Drei Wochen vor dem Wahltermin stellt Anne Will eine Frage, die längst keine mehr ist.

Die Gäste:

Ralph Brinkhaus (CDU). Der Fraktionschef der Union

sieht einen Lagerwahlkampf und warnt vor „Linkskanzler“ Scholz.

Norbert Walter-Borjans (SPD). Der Vorsprung des SPD-Kandidaten ist inzwischen so groß, das nach Parteichefin Saskia Esken jetzt auch ihr Co-Chef in die Primetime darf.

Janine Wissler (Linke). Die Co-Chefin der Linksaußenpartei spottete über die „Panik in der Union“.

Tino Chrupalla (AfD). Der Bundesvorsitzende der Rechtsaußenpartei wollte mit dem Ausländerthema punkten: „2015 droht sich zu wiederholen!“

Helene Bubrowski. Die Journalistin (FAS) twitterte über die Grünen: „Der Machtkampf um die Kanzlerkandidatur beschädigte die Partei.“

Gong zu drittletzten Runde. Wer haute am härtesten zu, wer ging k.o.? Die Talkmasterin gab sofort Gas: Die FAS schreibe, bei der Linkspartei gehe man davon aus, dass Olaf Scholz nach der Wahl in Koalitionsfragen nichts mehr zu sagen habe.

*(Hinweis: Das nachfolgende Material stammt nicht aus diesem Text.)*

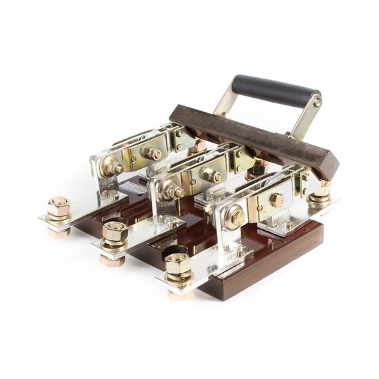Это низковольтный выключатель с открытыми ножевыми контактами с видимым местом разъединения электрической цепи.
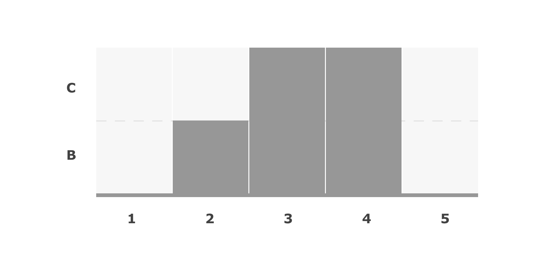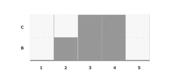 以 A1-D5 为矩阵边界,我们从 D 列开始开始对每一列计算直方图的最大矩阵,其中图中的“upper”为直方图的上部方向。对于每一列,我们使用一个长度为 N (如果使用 Sentinel 来避免边界计算的话则为 N+1)的 cache 数组来存储当前列的直方图高度,即其右侧连续公共属性矩阵的长度。拿 B 列举例,其对应的直方图为:

Bubrowski nickte heftig: „Wir sehen, dass die Linkspartei, wo viele überhaupt nicht regieren wollten, jetzt offensichtlich sich auf das Regieren vorbereitet“, stellte sie fest. „Das ist eine interessante Neuigkeit!“

Der Unterstützerkreis von Olaf Scholz wolle nun, so die Journalistin weiter, dass ihr Mann nach der Wahl neuer Parteichef werde. Walter-Borjans neben ihr lauschte und lächelte fein stille.

Flauestes Dementi

Es soll im Frühsommer Treffen gegeben haben zwischen den Parteispitzen (von SPD und Linke)“, wusste Will. Ihre Frage an Wissler: „Haben Sie da schon verabredet, dass eine gemeinsame Regierungsbildung Sinn machen würde?“

„Da wurde nichts verabredet“, behauptete die Linke-Chefin, aber „natürlich ist klar: Koalitionsverhandlungen führt die Parteispitze. Bei der SPD ist das ähnlich.“ Nachtigall…

Gretchenfrage des Abends

Die Talkmasterin drückte die Kneifzange zu: „Olaf Scholz hat also gar nicht mehr zu sagen?

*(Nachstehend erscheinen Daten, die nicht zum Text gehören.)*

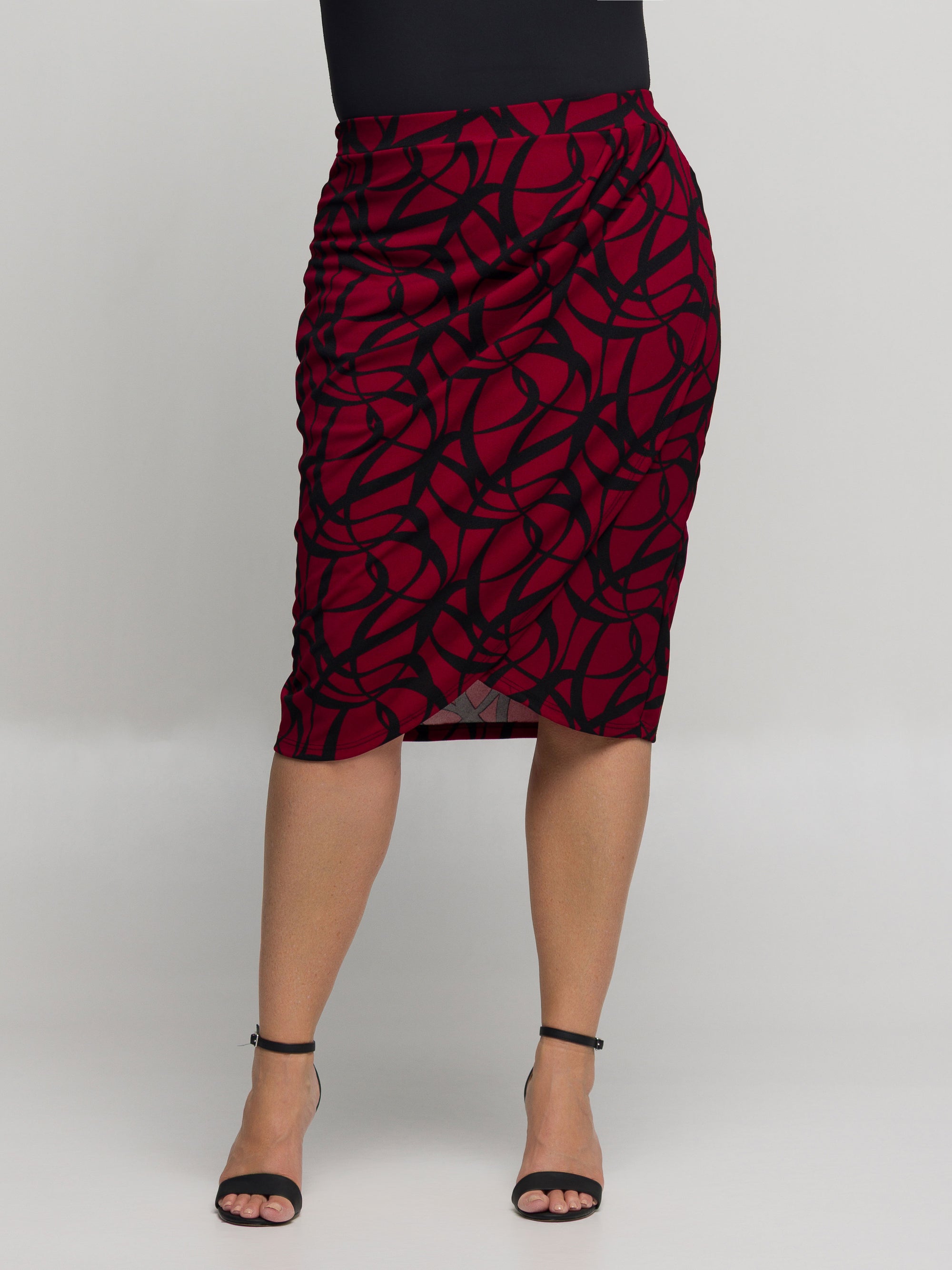 24seven Comfort Apparel Plus Size Burgundy Print Ruched Knee Length Skirt

„Ich gehe davon aus, dass über die Frage von Koalitionen nicht eine Person entscheidet“, macht die Linke-Chefin klar. „Am Ende entscheiden das Parteivorstände!“

Dann schimpfte sie sichtlich verärgert auf „Olaf Scholz, der jetzt versucht, immer weiter Hürden aufzubauen, statt überhaupt mal darüber zu reden, was vielleicht gemeinsam ginge!“

Ungewöhnlichster Vergleich

Und was sagte der SPD-Chef dazu? Er rühmte die tolle Zusammenarbeit der Parteispitze mit dem Kanzlerkandidaten.

„Obwohl Sie nicht für Olaf Scholz waren, sondern für Kevin Kühnert“, stichelte die Talkmasterin.

„Das ist immer so die Art, wenn Sie gefragt werden“, wiegelte Walter-Borjans ab. „Wenn ich Sie jetzt fragen würde, wollen Sie jetzt Lanz oder Plasberg absetzen, und Sie müssten jetzt was sagen – das sind diese üblichen Spielchen…“

„Ich würde sagen: Keinen von beiden“, konterte Will und machte den Punkt.

Überraschendster Stopper

Die Union müsse jetzt endlich mal in die Opposition, lächelte der SPD-Chef frohgemut.

Doch der Unionsfraktionschef grätschte ihn locker ab: „Sie waren übrigens in den letzten 25 Jahren länger an der Regierung als wir“, grient er. „Wissen Sie das?“

Der sichtlich unerwartete Einwand brachte Walter-Borjans kurz vom Pfad der guten Laune ab: „Was ist eigentlich mit Maskenskandal?“ lederte er sofort los. „Mit Lobbybezahlung?“ Angriff ist die beste Verteidigung!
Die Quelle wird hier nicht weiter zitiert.